Tuesday, August 23, 2011
Tuesday morning, back to London, just in time to chair a symposium on Bahrain in No 1 Abbey Gardens, unfortunately the last of a long series we have held in this building as the lease has expired and its being returned to the Abbey.
We had some gripping testimony over a Skype link from Ayat al-Ghormezi, an articulate 20-year old poet who was arrested at midnight on March 39 and after being helf in solitary confinement and tortured for several weeks, was sentenced to a year's imprisonment on charges of “inciting hatred of the regime" for a poem she wrote criticising the regime and for "being involved in a rally to commit crimes”, after attending a demonstration at the Pearl roundabout with many hudreds of others. In the end she was released as a result of huge international pressure from poets, writers and artists across the world.

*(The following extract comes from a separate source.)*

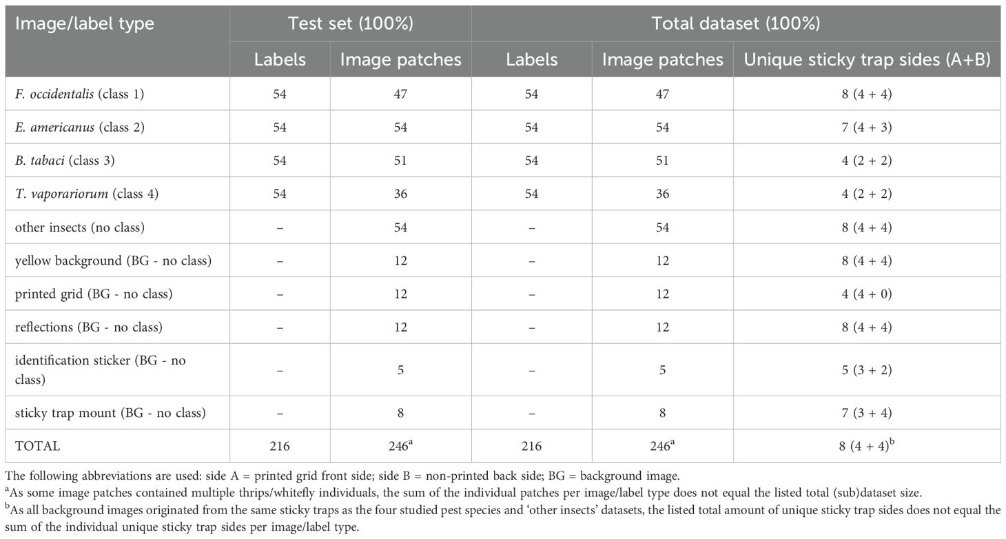 Table 3. Detailed composition of the high-resolution (pixel size: 5 µm) external dataset, consisting of yellow sticky trap image patches.
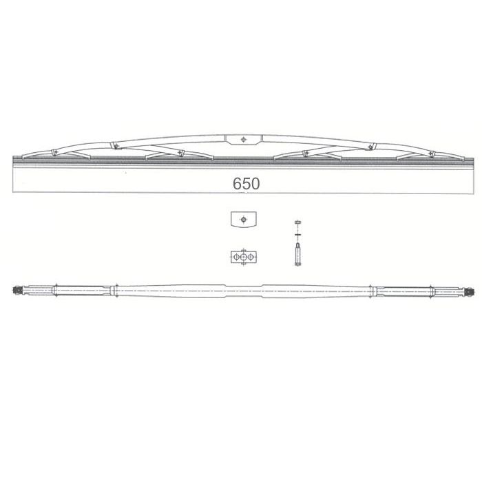 Balai d'essuie-glace 650 mm pour pour cabine avec bras lisse.

We also hear from Mohammed al-Tajer, also detained in a night raid on his home by more than two dozen uniformed and plainclothes security officers, most of whom were masked, on the evening of April 15, 2011. Like Ayat and almost everyone else arrested in the crackdown since February, Mohammed suffered intense torture, and we asked both our witnessed whather they had been able to communicate with the Bassiouni commission, which is investigating allegations of torture and other human rights violations in Bahrain with a view to reporting in October. But however thorough the commission may be, and however willing the government to accept their recommendations, it can do nothing to address the fact that Bahrain is a hereditary dictatorship, in which the king has power to reverse any concessions that may be needed to appease international opinion. As Liam Fox, the Defence Secretary remarked on Radio 4 last evening at about 22.30, "If you don't allow change to be a process then it can become an event"; but a process can only start if the vicious sentences passed on the many political detainees including Hassan Mushaima, Leader of the Opposition, are unconditionally cancelled, and if the al-Khalifa dictatorship is genuinely prepared to change itself into a constitutional monarchy. Seeing the tenacious resistance to reform in every other Arab state since the Arab spring, this is an improbable scenario, and one that could only happen if there is concerted pressure by the UN, the EU, the US, and democratic NGOs throughout the world.